> _Task instructions_: Please give the whole listing again word for word, and drop any pictures it holds.

> _Supplied information_:
********
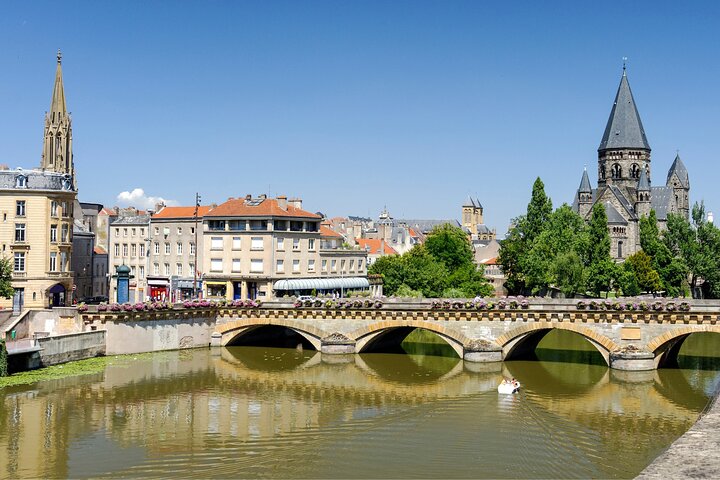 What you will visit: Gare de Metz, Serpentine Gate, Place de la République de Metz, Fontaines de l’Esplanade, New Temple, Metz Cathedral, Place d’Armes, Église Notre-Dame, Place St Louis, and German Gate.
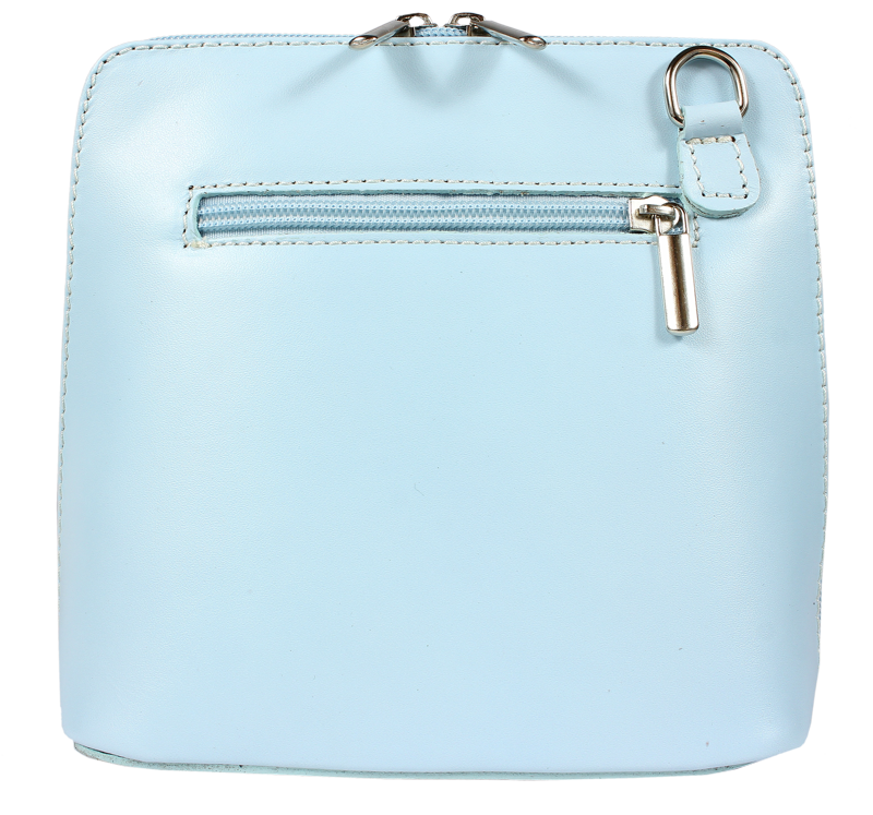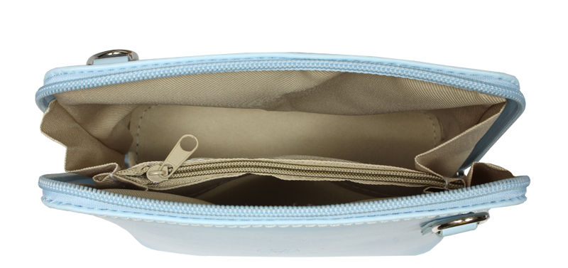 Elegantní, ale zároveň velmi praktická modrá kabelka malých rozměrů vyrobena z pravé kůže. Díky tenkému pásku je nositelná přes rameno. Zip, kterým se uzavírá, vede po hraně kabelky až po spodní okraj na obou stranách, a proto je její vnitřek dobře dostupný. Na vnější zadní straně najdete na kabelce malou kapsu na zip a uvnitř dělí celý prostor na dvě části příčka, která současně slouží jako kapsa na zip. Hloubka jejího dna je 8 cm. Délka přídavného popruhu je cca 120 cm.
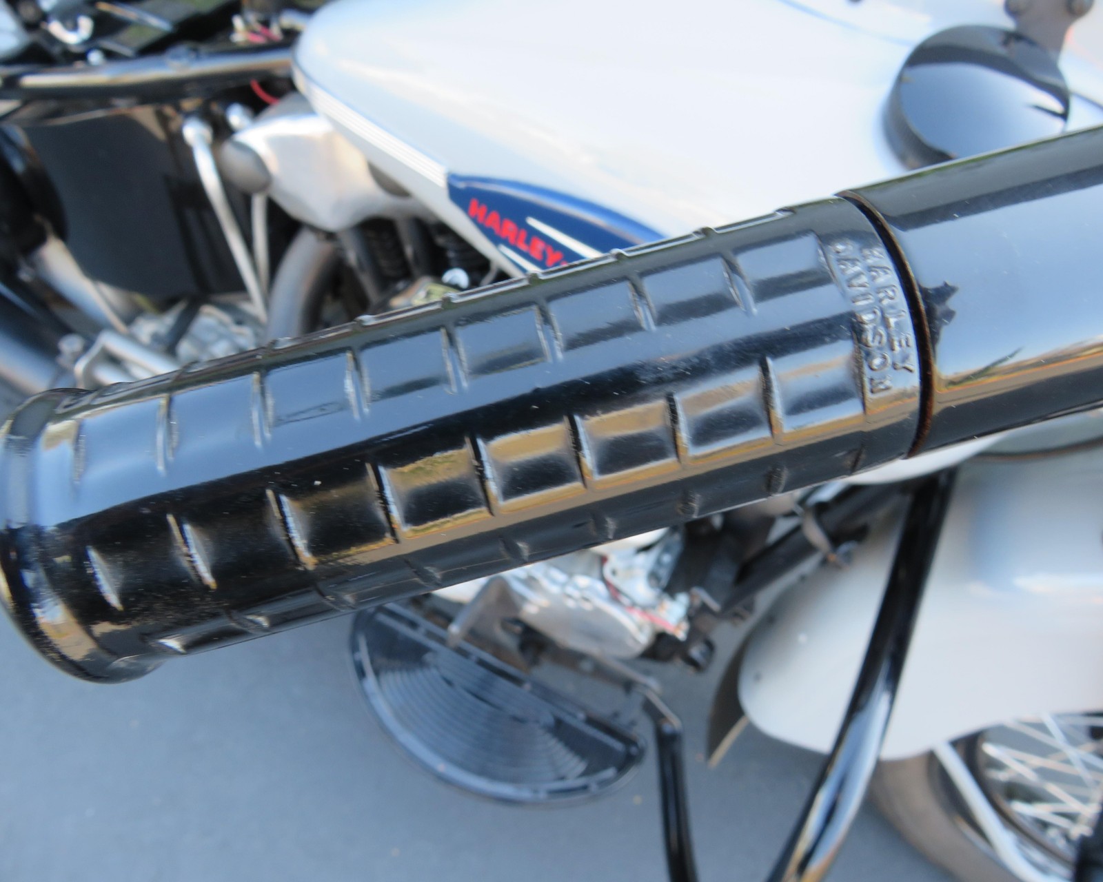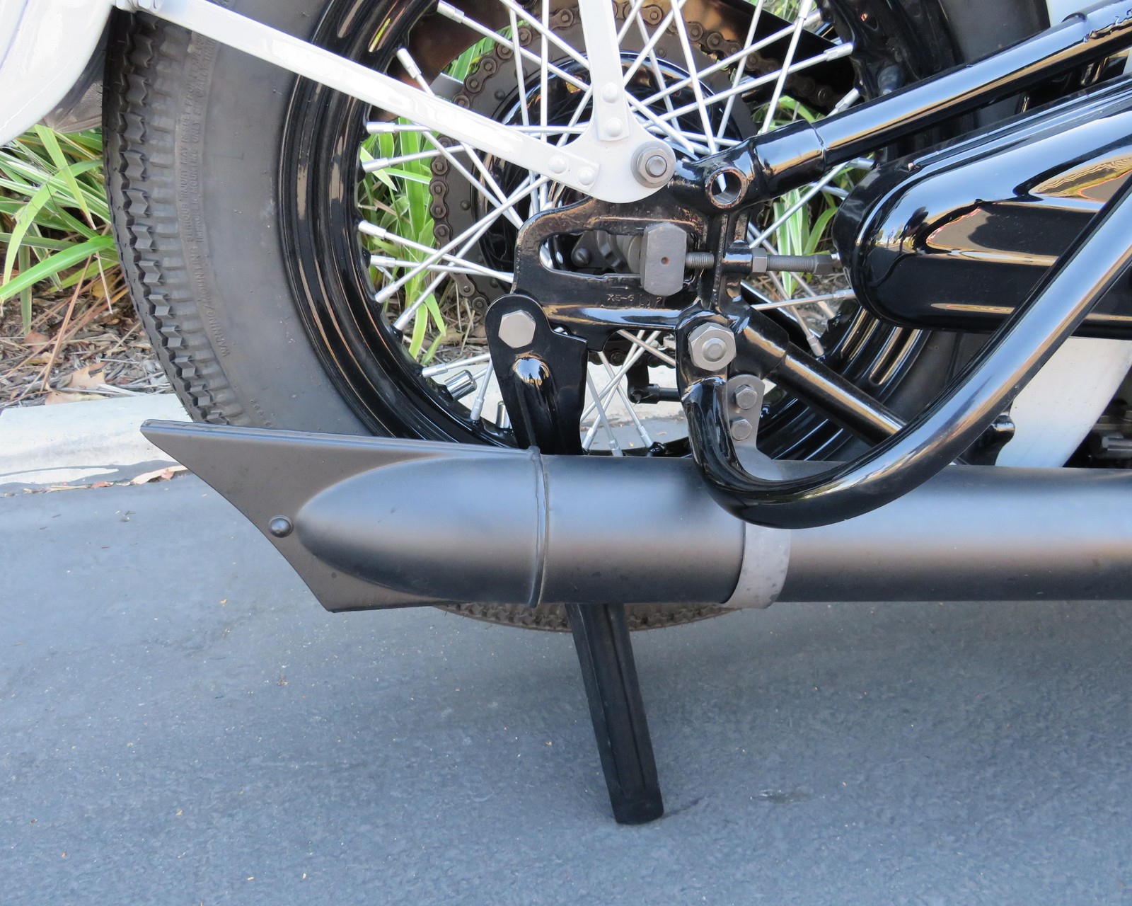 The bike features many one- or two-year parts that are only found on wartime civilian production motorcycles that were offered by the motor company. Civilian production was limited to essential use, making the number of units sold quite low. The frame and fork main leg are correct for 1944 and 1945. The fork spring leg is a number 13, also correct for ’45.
********
> _Answer section_:
 What you will visit: Gare de Metz, Serpentine Gate, Place de la République de Metz, Fontaines de l’Esplanade, New Temple, Metz Cathedral, Place d’Armes, Église Notre-Dame, Place St Louis, and German Gate.
 Elegantní, ale zároveň velmi praktická modrá kabelka malých rozměrů vyrobena z pravé kůže. Díky tenkému pásku je nositelná přes rameno. Zip, kterým se uzavírá, vede po hraně kabelky až po spodní okraj na obou stranách, a proto je její vnitřek dobře dostupný. Na vnější zadní straně najdete na kabelce malou kapsu na zip a uvnitř dělí celý prostor na dvě části příčka, která současně slouží jako kapsa na zip. Hloubka jejího dna je 8 cm. Délka přídavného popruhu je cca 120 cm.
 The bike features many one- or two-year parts that are only found on wartime civilian production motorcycles that were offered by the motor company. Civilian production was limited to essential use, making the number of units sold quite low. The frame and fork main leg are correct for 1944 and 1945. The fork spring leg is a number 13, also correct for ’45.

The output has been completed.